What happens if a husband and wife who are joint-borrowers undergo a divorce during the tenure of their SSB loan?
They will need to discontinue the SSB loan and settle the outstanding loan amount, if necessary through the sale of the mortgaged property. So sorry, folks … you’ll have to remain wedded to your spouse so long as you remain indebted under a SSB loan.
What are the costs that a borrower will incur to obtain a SSB loan?
According to Cagamas, some of the costs that will be incurred by a borrower are legal fees, valuation fees, property insurance, administration fees (if any) and service fees (if any).8
These expenses can be financed through the SSB loan.
In addition, as in the case of a conventional loan, the borrower is required to maintain fire and home insurance throughout the tenure of the loan.

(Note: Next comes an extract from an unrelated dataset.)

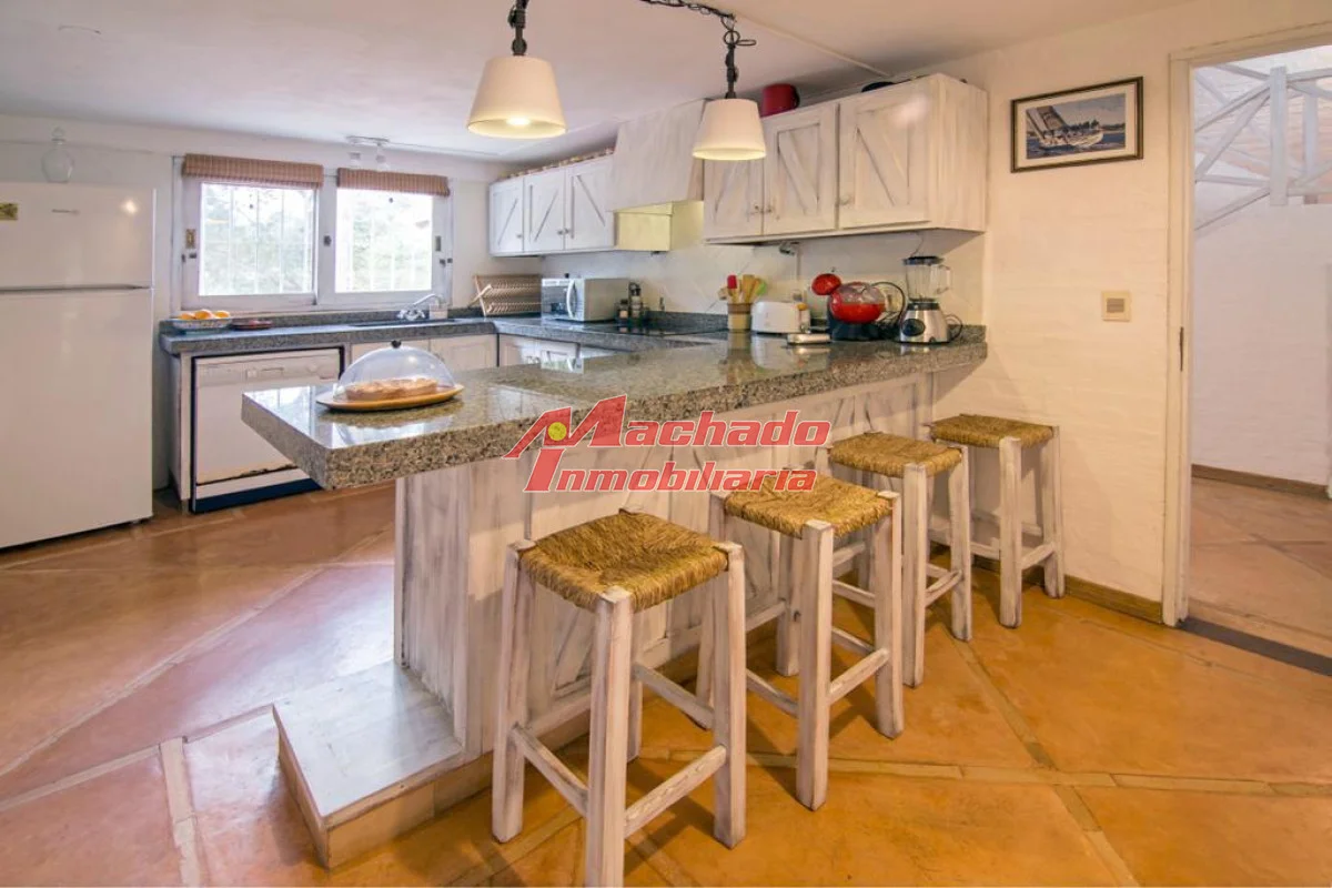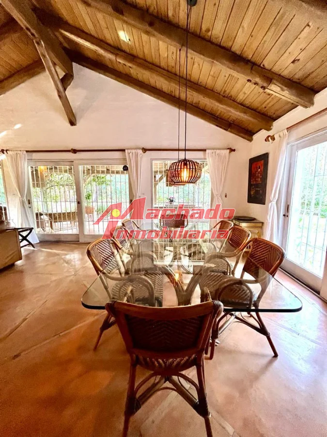 Importante residencia desarrollada en dos plantas. Ubicada en un estratégico y espectacular entorno de mansiones y jardines elevados.. Muy buenas comodidades, eficiente distribución y orientación sumado un interesante diseño arquitectónico. Casa en Pinares - Punta del Este Ubicado a 1000 metros del Mar. Cuenta con 4 Dormitorios 4 Baños 4 Suites Cocina : Cocina, Living , Comedor Terreno : 3625 m2 Edificado : 400 m2 Referencia Interna : Tera-12072

Stamp duty at the rate of 0.5% of the principal amount of a SSB loan is payable on the reverse mortgage (or in local parlance, the land charge or deed of assignment). However, to reduce the financial burden to borrowers, the Minister of Finance, Senator Tengku Datuk’ Zafrul Tengku Abdul Aziz, announced on 14 December 2021 that the Government will exempt transaction documents under SSB from stamp duty for two years from the launch of SSB.
Special offers for pilot launch
Cagamas has announced that for the pilot launch of the SSB, loans will be offered at a fixed rate financing of 5% per annum on the outstanding loan amount and a one-time upfront recourse waiver fee of 1.75% of the initial property value.9
How does one apply for a SSB loan?
Interested applicants may contact the Kuala Lumpur Branch (Jalan Raja Laut, Kuala Lumpur) or the Petaling Jaya Services Counter (PJX-HM Shah Tower, Persiaran Barat, Petaling Jaya) of the Employees Provident Fund, or visit Cagamas’s SSB website at email@example.com
The concept of reverse mortgages is not new and have been in existence for some time in other jurisdictions, such as the United States of America, the United Kingdom, Australia, South Korea, Hong Kong and Singapore, with varying degree of success.
Nevertheless, the introduction of reverse mortgages in Malaysia is to be lauded as it provides an alternative and novel means of financing for senior citizens who own immovable property without the attendant burden of worrying about meeting loan repayments.
Article by Jesy Ooi (Partner) and Oon Hooi Lin (Partner) of the Real Estate Practice of Skrine.